By: Christine Keller, Vice President, Research and Policy Analysis, Association of Public and Land-grant Universities
The federal graduation rate is a number that is widely cited on the College Scorecard and other government transparency sites as well as in college rankings such as those published by U.S. News and World Report. While data on student completion is clearly important for both policymakers and consumers, the figure most often used is deeply flawed: it only counts the graduation rates of full-time students who start and finish at their first institution.
In other words, transfer students aren’t just missing from the federal figure, they’re counted as failures. Over 50 percent of bachelor’s degree recipients attend more than one institution before they graduate yet they are shockingly not counted as successful in the federal graduation rate.
While colleges used to be comprised primarily of students who just months earlier had graduated from high school and would go on to complete their degree in four years, that’s no longer the case. Over two-thirds of today’s college students are over the age of 25 and 20 percent are employed full-time while enrolled. One in four students has children and 37 percent are enrolled part-time. As colleges’ student bodies evolve so must the data that tracks the rates of their progress and success.
To that end, the National Student Clearinghouse Research Center today released Snapshot 20: National Success and Progress Rates, which helps paint a much more complete picture of progress and success for all students, not just those who finish at their first institution. Modeled after the national Student Achievement Measure (SAM) initiative, Snapshot 20 shows, by sector, how many students graduated from their original institution or from another school as well as the percentage of students still enrolled either at their original institution or elsewhere. This is far more detailed and nuanced information than the federal government is able to report due to the congressional ban on collecting national student-level data.
While Snapshot 20 reports progress and outcome rates by sector, SAM is able to do so for individual institutions. With the release of Snapshot 20, institutions participating in SAM can now benchmark themselves against the national average for their particular sector. Until now, there has been no way for institutions to measure themselves against their peers beyond the incomplete and misleading federal graduation rate.

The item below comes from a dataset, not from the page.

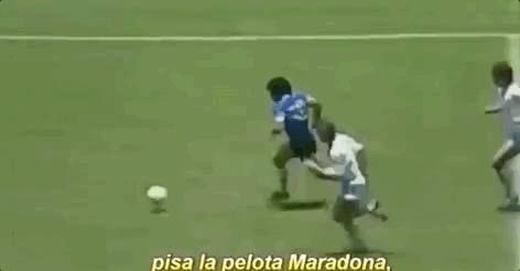 这是马拉多纳一贯给人的印象,球就像黏在他的脚下,他能让球「随心所欲」,对手常常拽不到、拉不住、围不住,通过巧妙的一扣一拨,就能成功过人。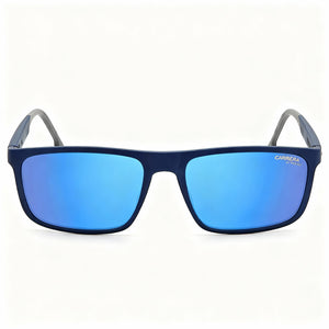 Carrera 8047/S Unisex Lightweight Polyamide Rectangle Asian Fit Blue Sunglasses, Blue Gray Mirrored Lenses, 58mm

SAM is an extraordinary step forward in the pursuit of better and more complete data on student progress and success. Nearly 600 universities are participating in SAM, which is measuring the outcomes for 600,000 more students at these institutions than the federal government, including those for transfer students and those who attend part-time.
SAM is an extremely important transparency and accountability tool. However, it’s clear that we need to be able to measure and compare all colleges and universities, not just SAM participants.
Congress should take a close look at Snapshot 20 and SAM to see what a difference just a little more data can provide. As Congress looks to reauthorize the Higher Education Act, it should lift the ban on a national student-level data collection system so that the transparency of SAM is extended universally across higher education.